**Material supplied**
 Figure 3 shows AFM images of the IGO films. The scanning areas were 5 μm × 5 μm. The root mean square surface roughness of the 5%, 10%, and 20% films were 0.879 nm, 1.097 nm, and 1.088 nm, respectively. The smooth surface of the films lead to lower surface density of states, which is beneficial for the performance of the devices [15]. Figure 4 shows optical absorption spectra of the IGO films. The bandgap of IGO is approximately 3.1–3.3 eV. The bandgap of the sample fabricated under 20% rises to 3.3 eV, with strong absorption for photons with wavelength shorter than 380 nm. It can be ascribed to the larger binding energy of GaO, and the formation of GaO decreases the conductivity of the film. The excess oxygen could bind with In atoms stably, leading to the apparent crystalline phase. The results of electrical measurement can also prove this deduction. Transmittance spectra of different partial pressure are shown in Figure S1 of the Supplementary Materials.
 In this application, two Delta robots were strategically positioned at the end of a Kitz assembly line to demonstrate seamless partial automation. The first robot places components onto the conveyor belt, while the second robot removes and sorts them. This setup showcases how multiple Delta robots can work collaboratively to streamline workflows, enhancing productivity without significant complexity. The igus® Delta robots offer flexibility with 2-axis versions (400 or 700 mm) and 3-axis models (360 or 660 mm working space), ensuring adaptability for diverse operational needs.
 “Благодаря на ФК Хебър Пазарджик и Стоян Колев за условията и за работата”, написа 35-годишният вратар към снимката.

...

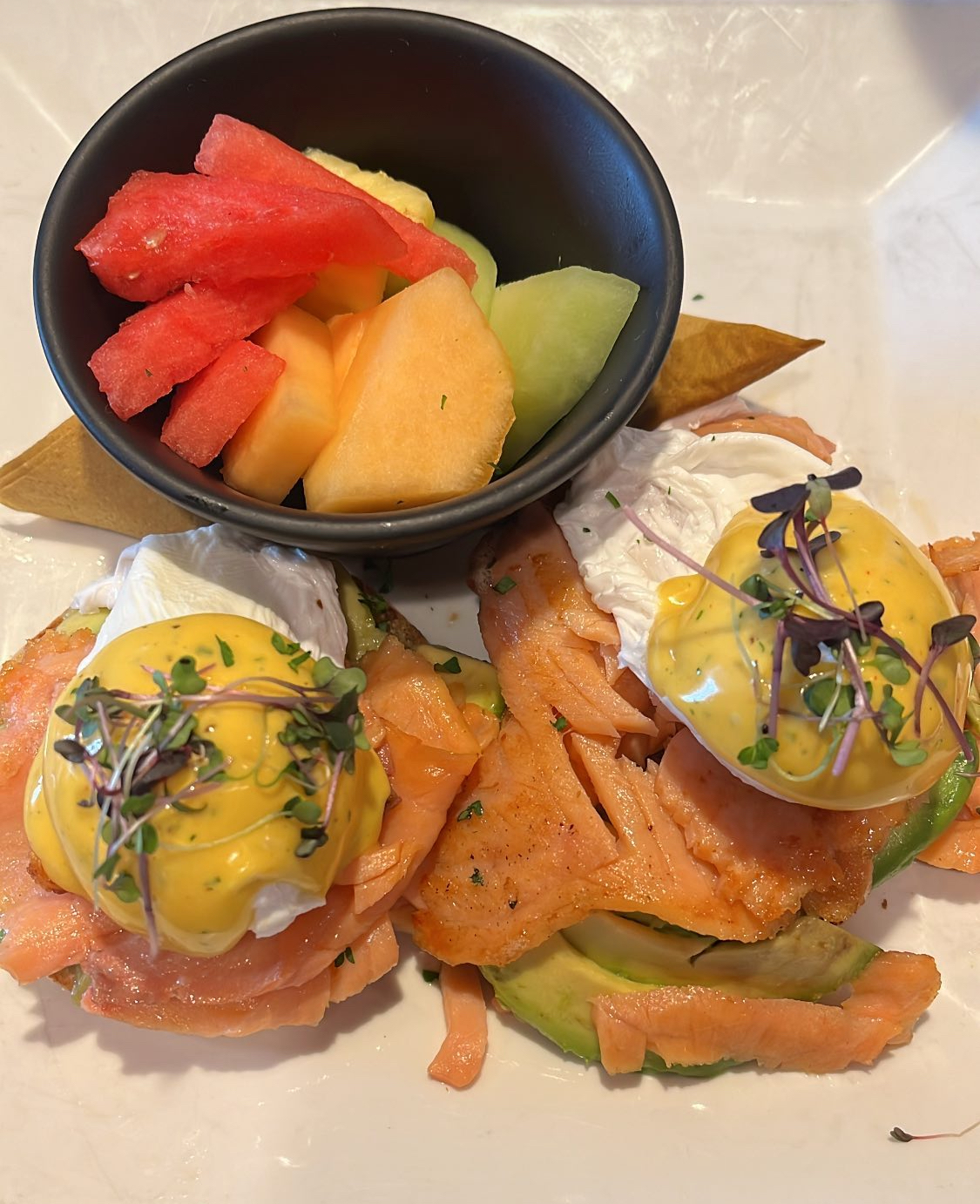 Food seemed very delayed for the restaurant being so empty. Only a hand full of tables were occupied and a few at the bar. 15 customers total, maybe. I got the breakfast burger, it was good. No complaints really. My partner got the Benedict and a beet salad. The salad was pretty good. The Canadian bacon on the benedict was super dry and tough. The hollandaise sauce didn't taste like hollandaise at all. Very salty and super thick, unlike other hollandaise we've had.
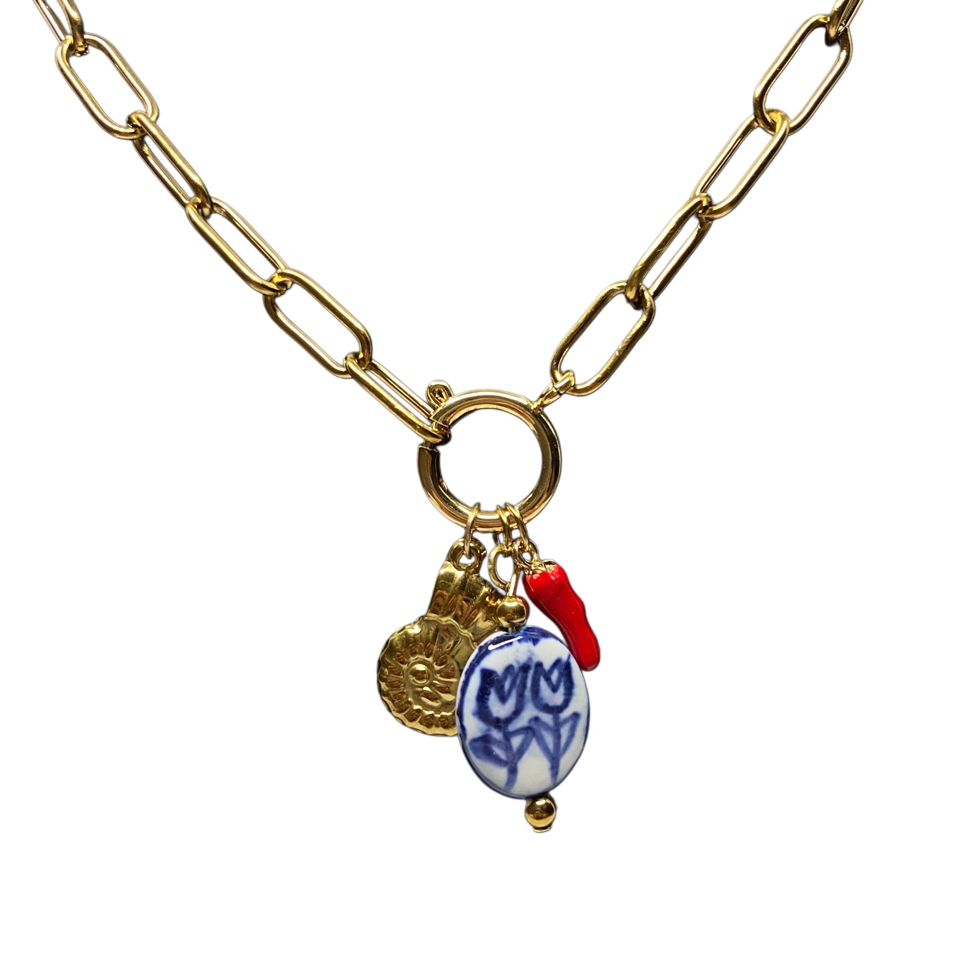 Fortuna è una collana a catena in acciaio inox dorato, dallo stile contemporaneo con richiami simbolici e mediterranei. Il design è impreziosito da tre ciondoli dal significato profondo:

**About this exercise**
Copy out, word for word, the part of the entries above that begins at the line with "Figure 3 shows" and ends at the line with "вратар към снимката.", including both.

**Your solution**
 Figure 3 shows AFM images of the IGO films. The scanning areas were 5 μm × 5 μm. The root mean square surface roughness of the 5%, 10%, and 20% films were 0.879 nm, 1.097 nm, and 1.088 nm, respectively. The smooth surface of the films lead to lower surface density of states, which is beneficial for the performance of the devices [15]. Figure 4 shows optical absorption spectra of the IGO films. The bandgap of IGO is approximately 3.1–3.3 eV. The bandgap of the sample fabricated under 20% rises to 3.3 eV, with strong absorption for photons with wavelength shorter than 380 nm. It can be ascribed to the larger binding energy of GaO, and the formation of GaO decreases the conductivity of the film. The excess oxygen could bind with In atoms stably, leading to the apparent crystalline phase. The results of electrical measurement can also prove this deduction. Transmittance spectra of different partial pressure are shown in Figure S1 of the Supplementary Materials.
 In this application, two Delta robots were strategically positioned at the end of a Kitz assembly line to demonstrate seamless partial automation. The first robot places components onto the conveyor belt, while the second robot removes and sorts them. This setup showcases how multiple Delta robots can work collaboratively to streamline workflows, enhancing productivity without significant complexity. The igus® Delta robots offer flexibility with 2-axis versions (400 or 700 mm) and 3-axis models (360 or 660 mm working space), ensuring adaptability for diverse operational needs.
 “Благодаря на ФК Хебър Пазарджик и Стоян Колев за условията и за работата”, написа 35-годишният вратар към снимката.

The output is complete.